Required action:
Without changing a word, return the listing below, minus its images.

Data excerpt:

- - - - - - -

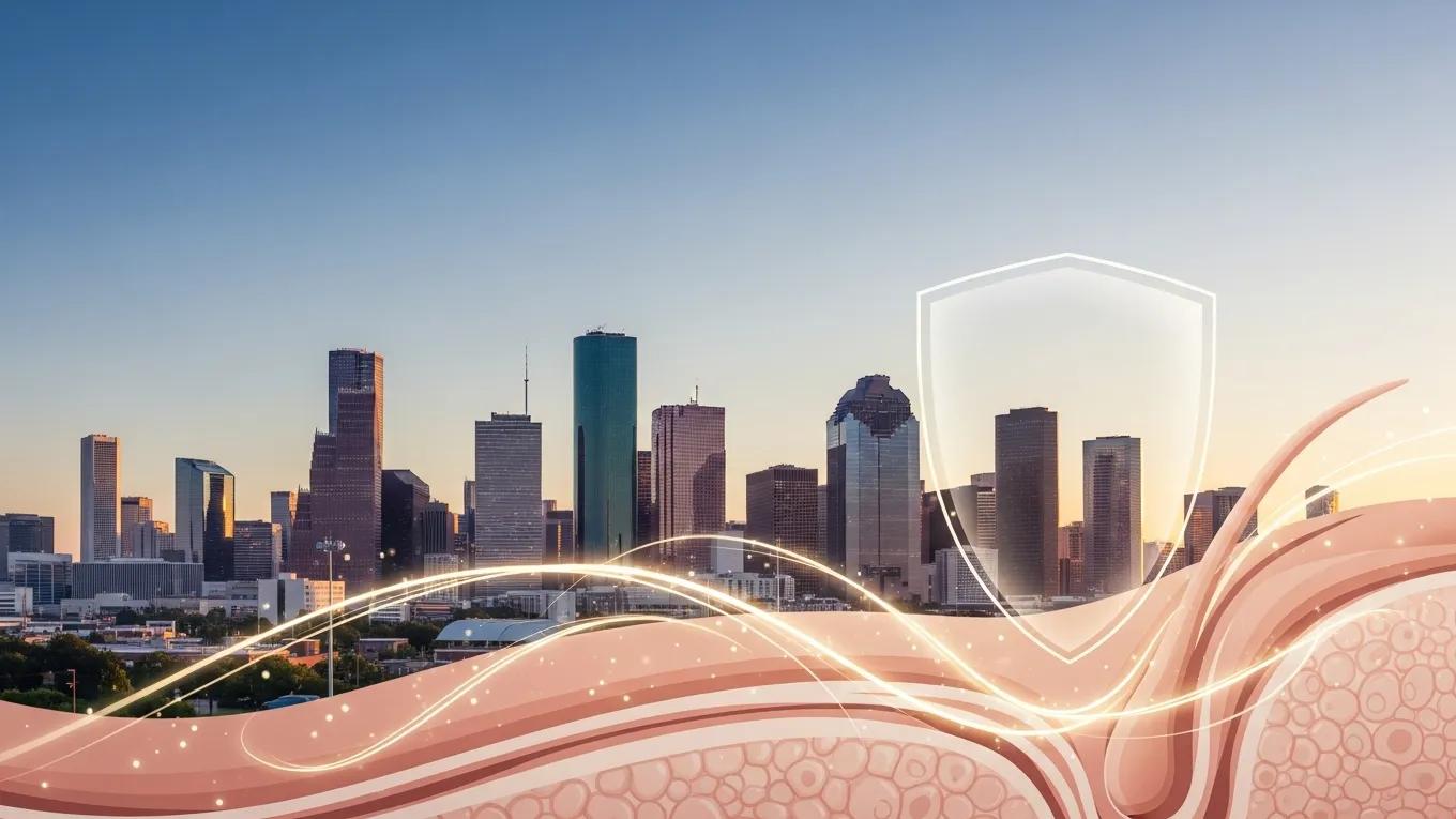 Houston accelerates skin aging through mechanisms most people don’t think about — UV intensity, infrared heat, humidity-driven barrier disruption, and particulate pollution. The damage accumulates quietly over years.
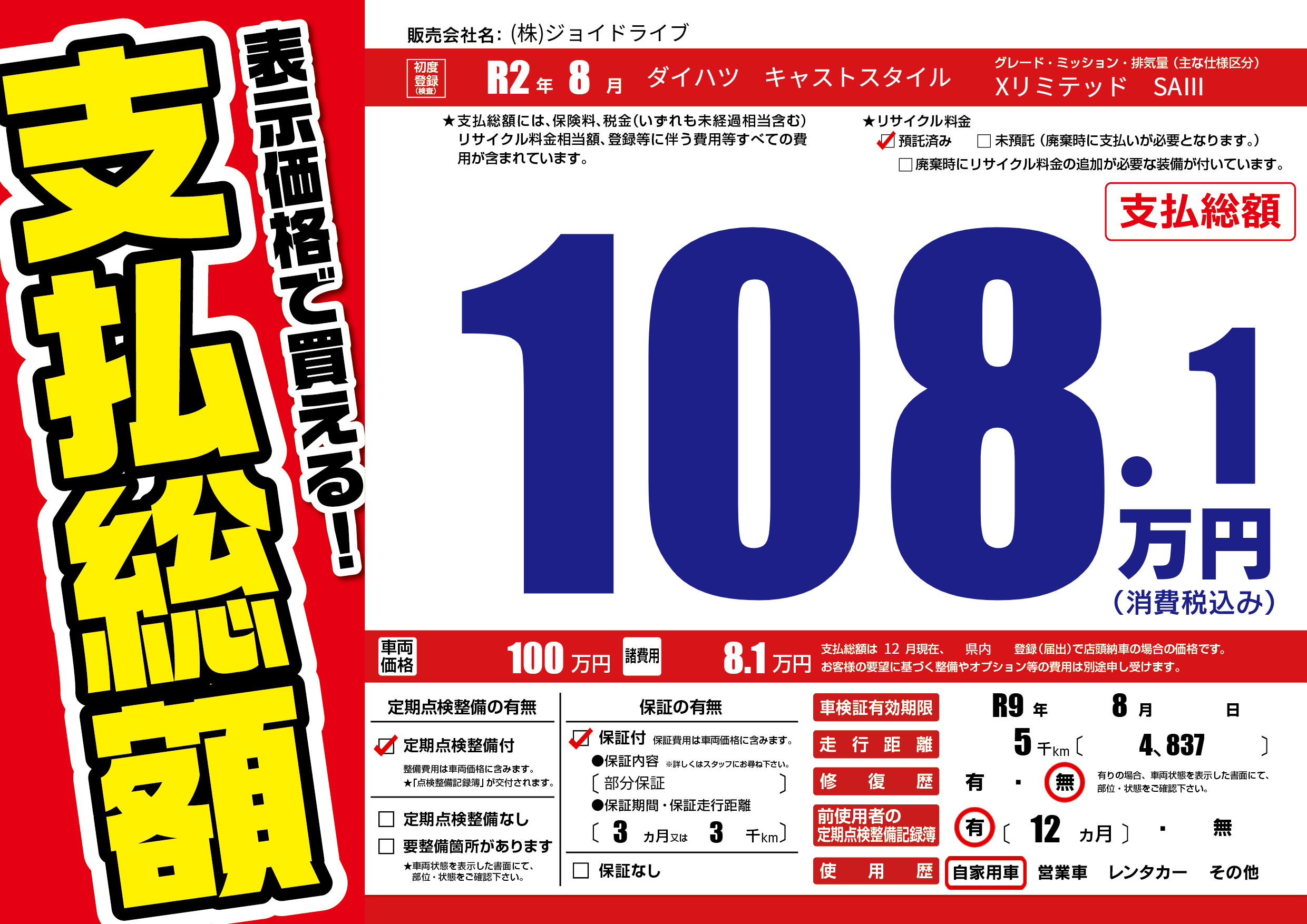 保証付き 保証内容(部分保証) 3ヶ月または(3)千kmまで |
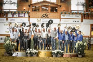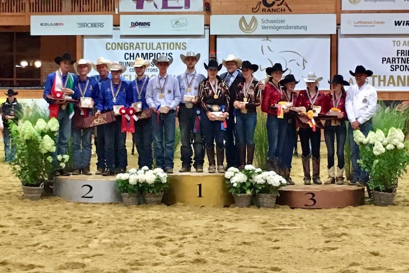 Il Team Junior guidato dal capo equipe Elena Giulia Montorsi, tecnico Alessandro Meconi, e composta da Matteo Manuel Bonzano su High Point Reiner (216,5); Vittorio De Iulio su Sailon Raf (214,5); Lisa Werdaner su Chic N Roost (214,0) e Matteo Capello su Rs Polyphemus Jac (213,5) ha chiuso il Campionato Mondiale giovanile con uno score totale di 645.00 determinando in questo modo la vittoria italiana, davanti agli Stati Uniti, argento con 639.00, e alla Francia, bronzo con 634,5. Sei le squadre in campo. Ottimo risultato anche per i reiners Young Riders, agli ordini del tecnico Alessandro Meconi (capo equipe Elena Giulia Montorsi), Dino Lulli su Sun Dreamin Star (217); Nico Scuro su Iam Sailors Brother (215,5); Andrea Costa su Quotacrome (213,5) e Enrico Sciulli su Snips Gotta Bud (216,0) hanno chiuso con uno score complessivo di 648,5. Oro, dunque, alla Germania (655,0), medaglia d’argento all’Italia (648,5), bronzo al Belgio (644,0).

- - - - - - -

Reply:
 Houston accelerates skin aging through mechanisms most people don’t think about — UV intensity, infrared heat, humidity-driven barrier disruption, and particulate pollution. The damage accumulates quietly over years.
 保証付き 保証内容(部分保証) 3ヶ月または(3)千kmまで |
 Il Team Junior guidato dal capo equipe Elena Giulia Montorsi, tecnico Alessandro Meconi, e composta da Matteo Manuel Bonzano su High Point Reiner (216,5); Vittorio De Iulio su Sailon Raf (214,5); Lisa Werdaner su Chic N Roost (214,0) e Matteo Capello su Rs Polyphemus Jac (213,5) ha chiuso il Campionato Mondiale giovanile con uno score totale di 645.00 determinando in questo modo la vittoria italiana, davanti agli Stati Uniti, argento con 639.00, e alla Francia, bronzo con 634,5. Sei le squadre in campo. Ottimo risultato anche per i reiners Young Riders, agli ordini del tecnico Alessandro Meconi (capo equipe Elena Giulia Montorsi), Dino Lulli su Sun Dreamin Star (217); Nico Scuro su Iam Sailors Brother (215,5); Andrea Costa su Quotacrome (213,5) e Enrico Sciulli su Snips Gotta Bud (216,0) hanno chiuso con uno score complessivo di 648,5. Oro, dunque, alla Germania (655,0), medaglia d’argento all’Italia (648,5), bronzo al Belgio (644,0).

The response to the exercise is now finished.